Estimates of sensitivity and specificity for diagnostic tests

The sensitivity and specificity of the tests used were estimated based on values documented in the literature for populations from all geographical locations. Initially eligible studies were limited to those conducted in asymptomatic populations. However, for some of the tests estimates were only available for symptomatic populations so this criterion was dropped. When multiple studies were available we averaged test sensitivities and specificities across published studies, and the mean values were used for adjustment of the trial observations. To consider uncertainty in diagnostic test performance we used the highest documented value for sensitivity from any single study combined with the lowest value for specificity from any single study, to estimate a lower limit for the adjusted prevalence. Similarly, the upper limit was determined by using the lowest sensitivity and highest specificity.

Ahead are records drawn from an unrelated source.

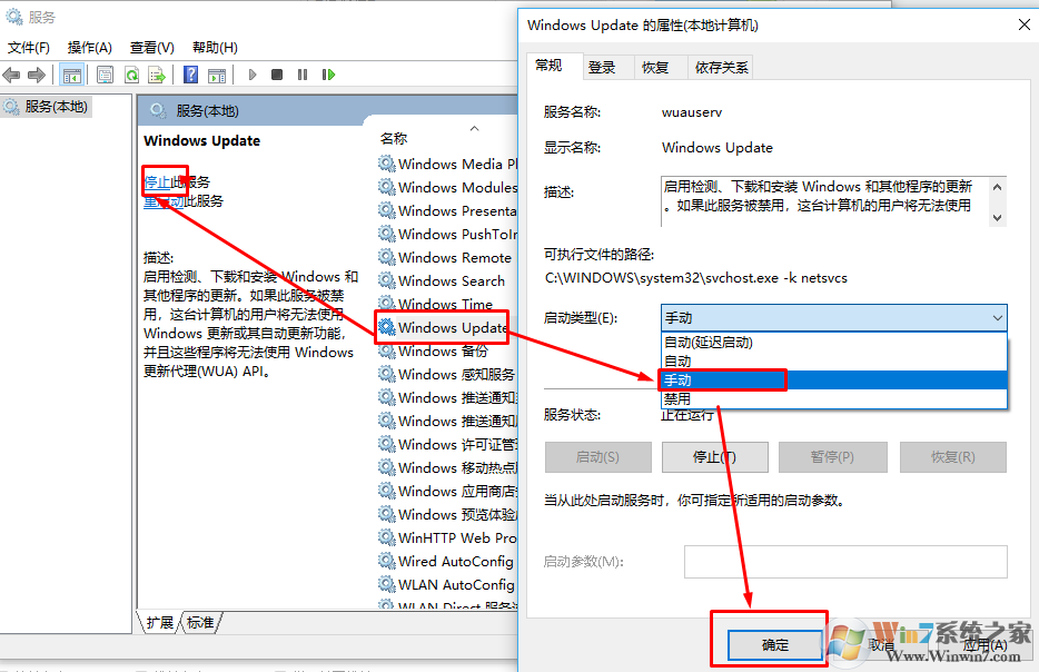 3、然后單擊“停止”,關(guān)閉該服務(wù),再將啟動(dòng)類型改為“手動(dòng)”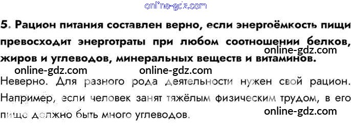 Готовые домашние задания по Биологии за 8 класс Учебник Драгомилов, Маш Алгоритм успеха 2022 - Отметьте верные утверждения Глава 8. Обмен веществ и энергии 5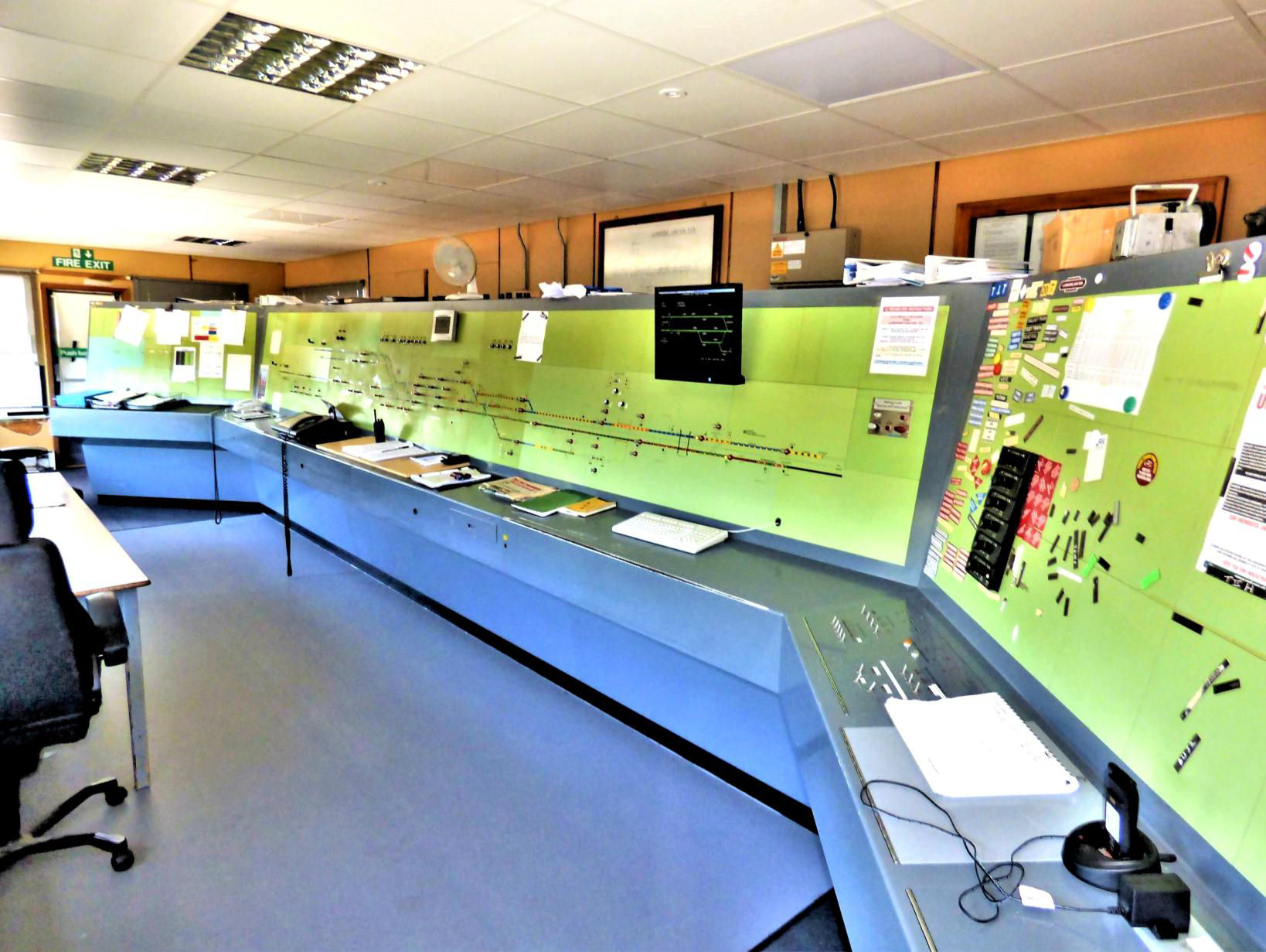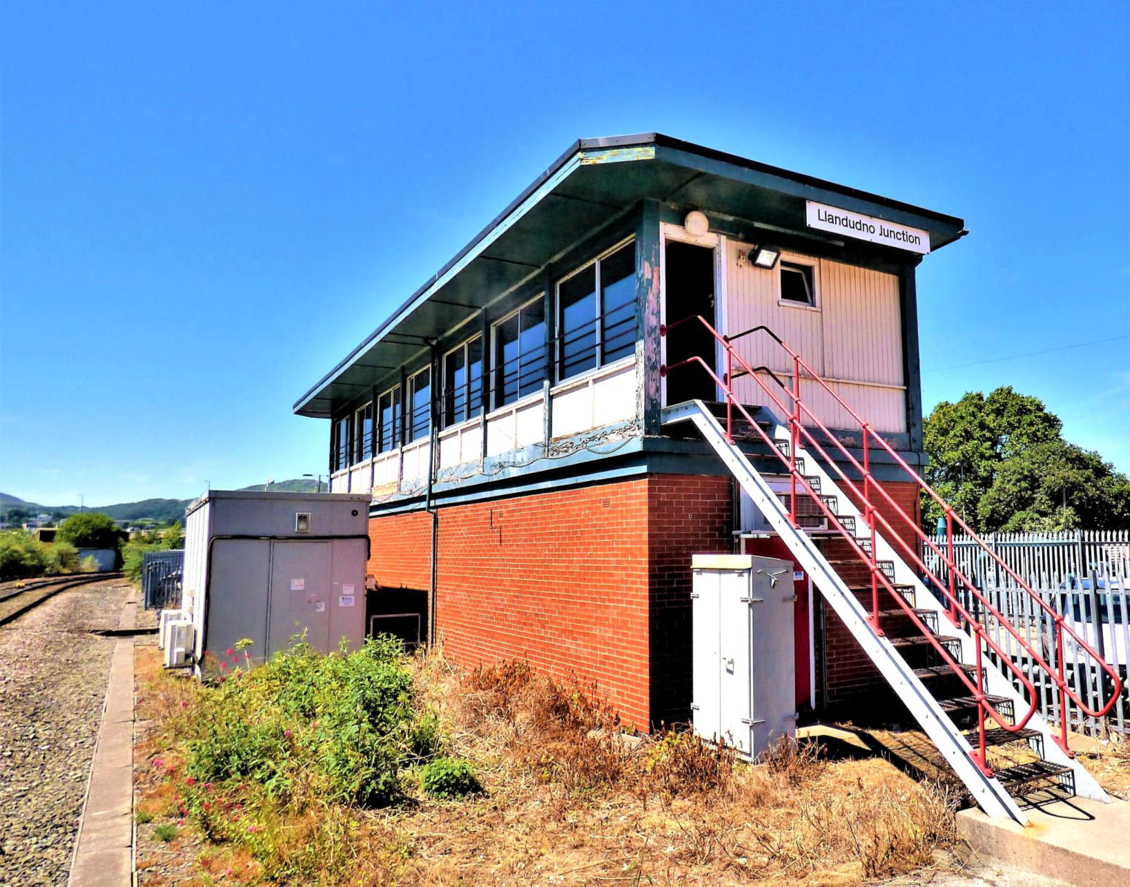 Llandudno Junction: The box is just off the Holyhead end of the station, before the actual junction for the Llandudno branchIt is a BR (London Midland Region) Type 15 flat roofed design commissioned in 1985. The lower section dates from 1980, constructed then as a relay room for the previous box, with the operating floor added about 1983 from second hand Type 15 components (BR were very good at recycling). Inside is a 1983 'stand up' style 'N-X' Entrance/Exit Panel with buttons on the panel but no train headcode displays. These are gleaned from computer screens dotted about the floor. The box is open continuously under three shifts. Since the Easter partial resignalling of the North Wales Coast line, the Junction works to Cardiff ROC at the eastern end and to Penmaenmawr (or when switched out - usually overnight - Bangor) to the west. The Junction box took control from Colwyn Bay in 1991.

To obtain estimates of sensitivity and specificity, we included only published studies in which the techniques used in the trials were directly compared in the same population using the same gold standard. These studies typically used an “expanded” gold standard in which discrepant results were resolved using another confirmatory test. Studies using culture alone as the gold standard were not used because the imperfect sensitivity of culture would incorrectly suggest a low specificity for the tests under study which have higher sensitivity than culture, such as LCR.10

Gonorrhoea and chlamydia

In Rakai and Masaka, ligase chain reaction (LCR, Abbott Laboratories, Abbot Park, IL, USA) on urine was used to diagnose NG and CT in men and women. In Mwanza, Gram stain on urethral smears was used to diagnose NG in men. For women, culture from endocervical swabs were used to diagnose NG. In Mwanza, enzyme immunoassay (EIA, IDEIA Chlamydia; Novo Nordisk Diagnostika, Cambridge, UK) from urethral swabs was used to diagnose CT in men, and EIA from endocervical swabs was used for CT in women.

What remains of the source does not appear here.